Your job is to set down the stretch of entries that opens with the line containing "Low numbers of" and closes with the line containing "Tseng C-T, Sbrana". Keep both end lines, copy each exactly, and add nothing.

Extracted material section start

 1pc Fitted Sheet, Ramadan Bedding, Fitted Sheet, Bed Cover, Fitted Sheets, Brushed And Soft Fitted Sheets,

Extracted material section end
Extracted material section start

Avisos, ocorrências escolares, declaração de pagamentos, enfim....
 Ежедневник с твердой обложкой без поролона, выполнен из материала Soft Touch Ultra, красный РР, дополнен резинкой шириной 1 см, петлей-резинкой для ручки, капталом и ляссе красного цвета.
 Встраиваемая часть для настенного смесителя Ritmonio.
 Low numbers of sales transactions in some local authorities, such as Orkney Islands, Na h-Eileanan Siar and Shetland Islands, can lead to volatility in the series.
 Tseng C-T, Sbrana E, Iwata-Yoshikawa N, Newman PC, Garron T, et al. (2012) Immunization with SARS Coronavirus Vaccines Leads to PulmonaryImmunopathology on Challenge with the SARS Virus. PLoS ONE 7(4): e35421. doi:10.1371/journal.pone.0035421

Extracted material section end
Extracted material section start

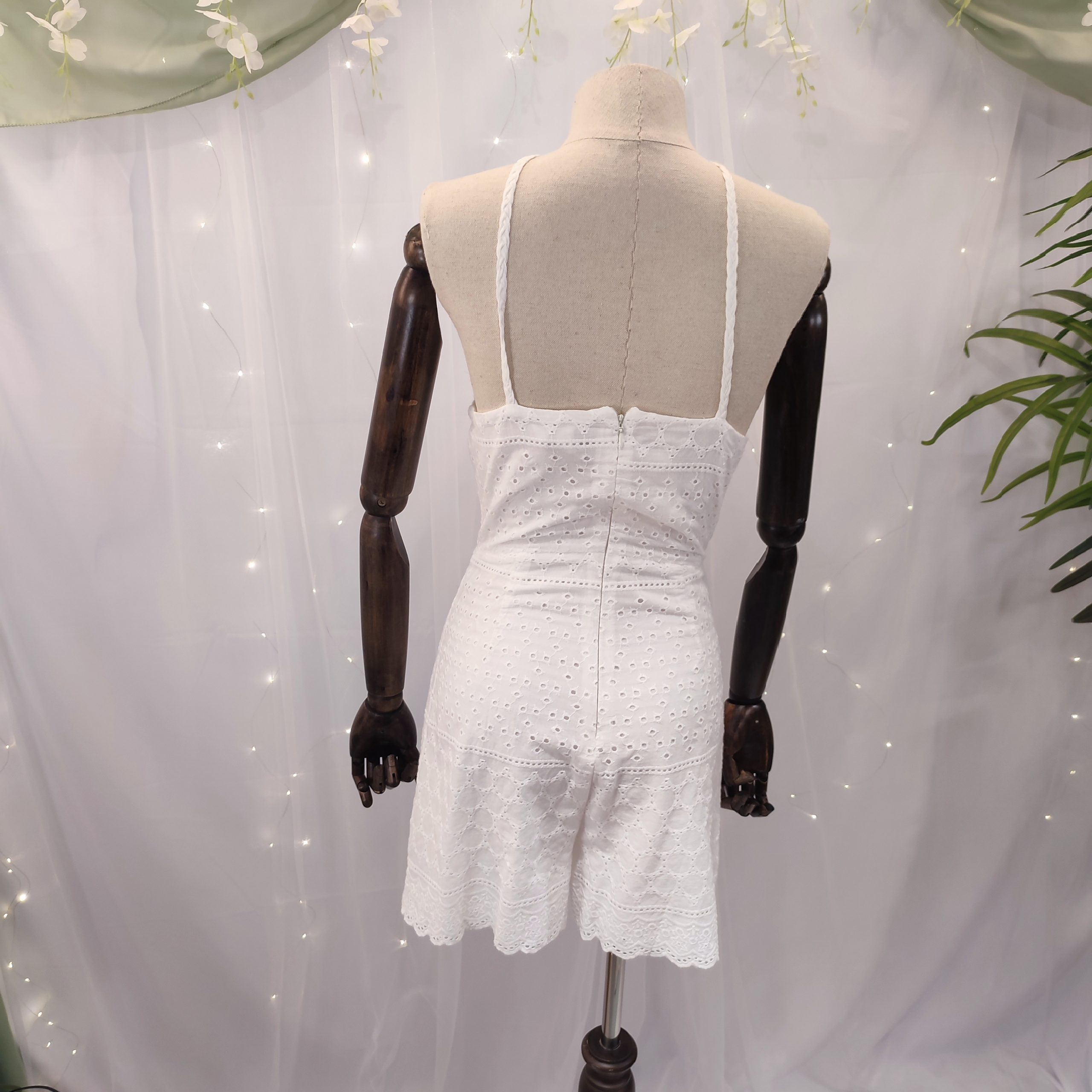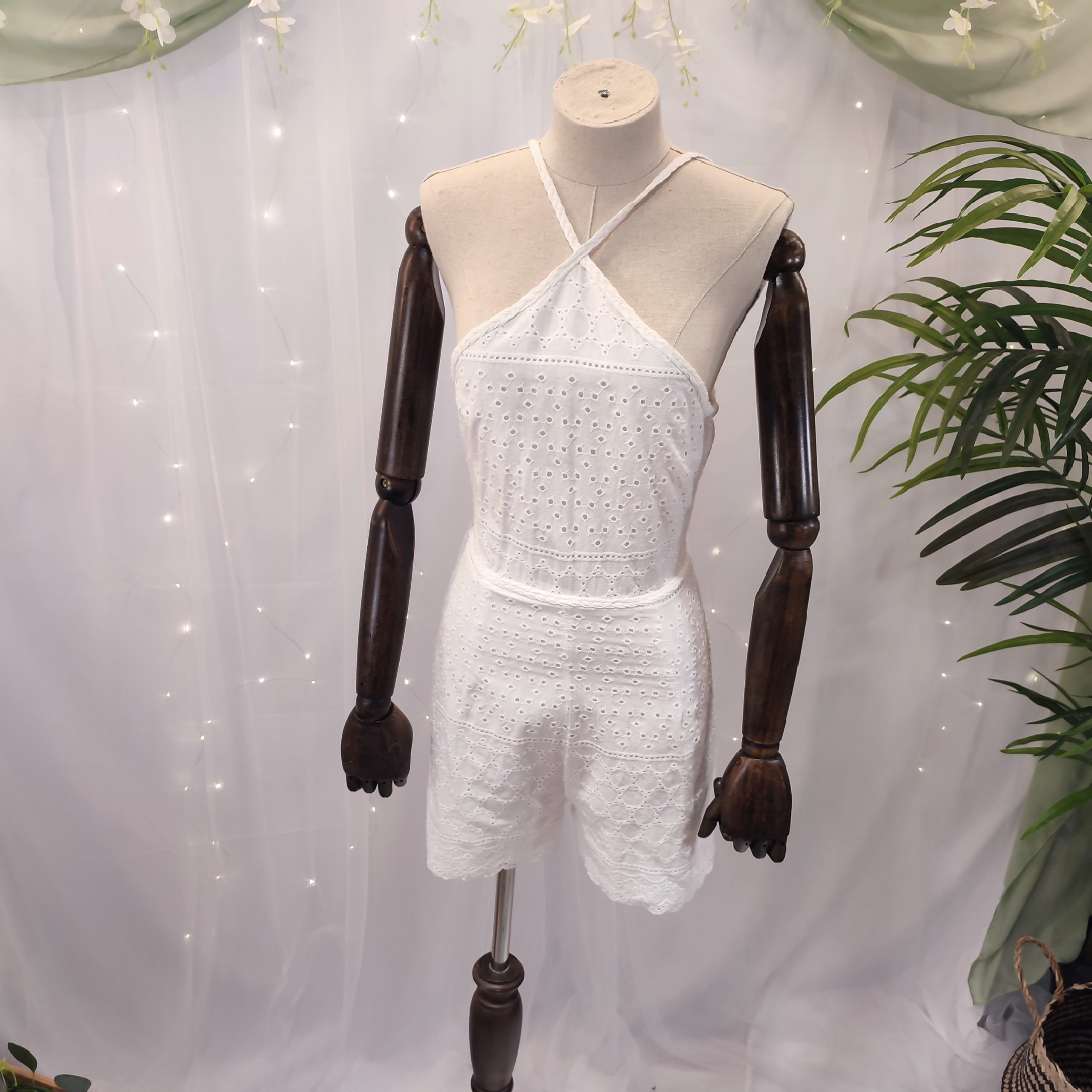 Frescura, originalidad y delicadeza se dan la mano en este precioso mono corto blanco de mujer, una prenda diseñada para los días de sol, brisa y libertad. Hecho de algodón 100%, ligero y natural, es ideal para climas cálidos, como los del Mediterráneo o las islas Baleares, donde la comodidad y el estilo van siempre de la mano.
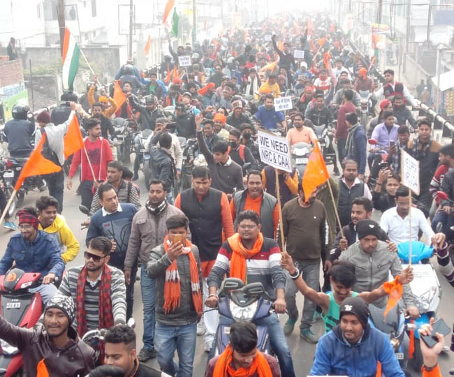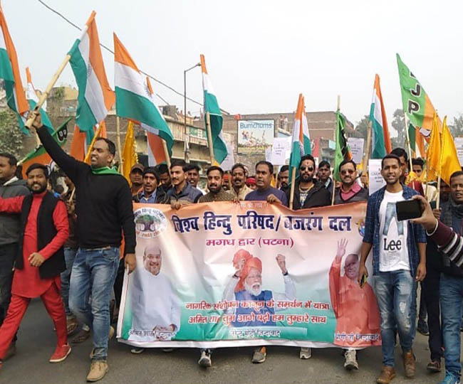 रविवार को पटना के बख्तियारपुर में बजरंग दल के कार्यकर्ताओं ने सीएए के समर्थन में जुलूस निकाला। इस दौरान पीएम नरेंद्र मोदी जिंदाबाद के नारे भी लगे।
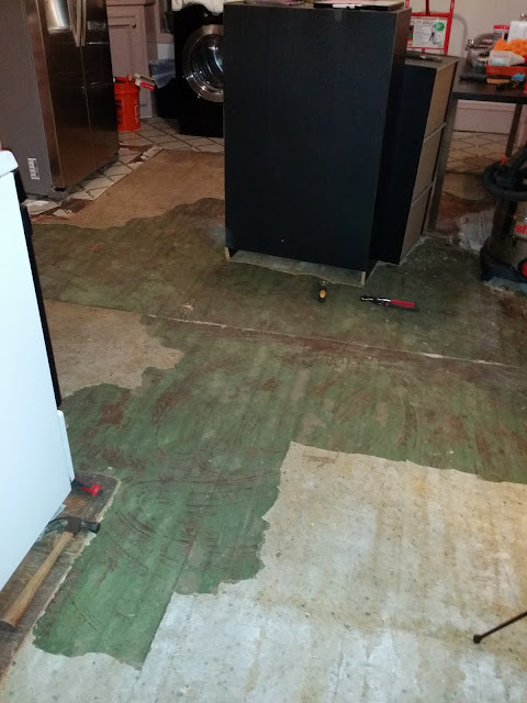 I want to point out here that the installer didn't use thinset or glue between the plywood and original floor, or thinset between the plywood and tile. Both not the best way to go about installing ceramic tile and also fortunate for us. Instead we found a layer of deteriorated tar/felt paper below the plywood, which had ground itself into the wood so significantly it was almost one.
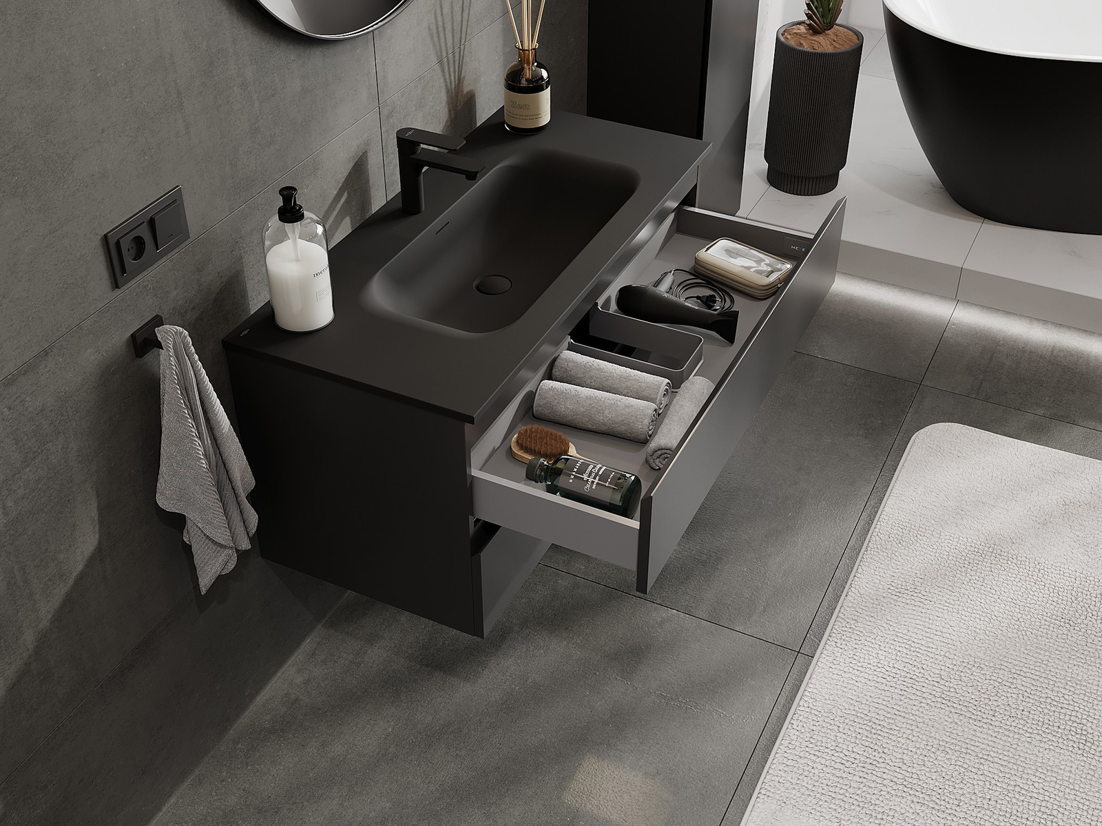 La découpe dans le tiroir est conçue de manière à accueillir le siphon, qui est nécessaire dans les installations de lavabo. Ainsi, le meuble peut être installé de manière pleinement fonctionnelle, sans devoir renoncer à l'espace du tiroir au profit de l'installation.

Extracted material section end

[Solution to this problem]
 Low numbers of sales transactions in some local authorities, such as Orkney Islands, Na h-Eileanan Siar and Shetland Islands, can lead to volatility in the series.
 Tseng C-T, Sbrana E, Iwata-Yoshikawa N, Newman PC, Garron T, et al. (2012) Immunization with SARS Coronavirus Vaccines Leads to PulmonaryImmunopathology on Challenge with the SARS Virus. PLoS ONE 7(4): e35421. doi:10.1371/journal.pone.0035421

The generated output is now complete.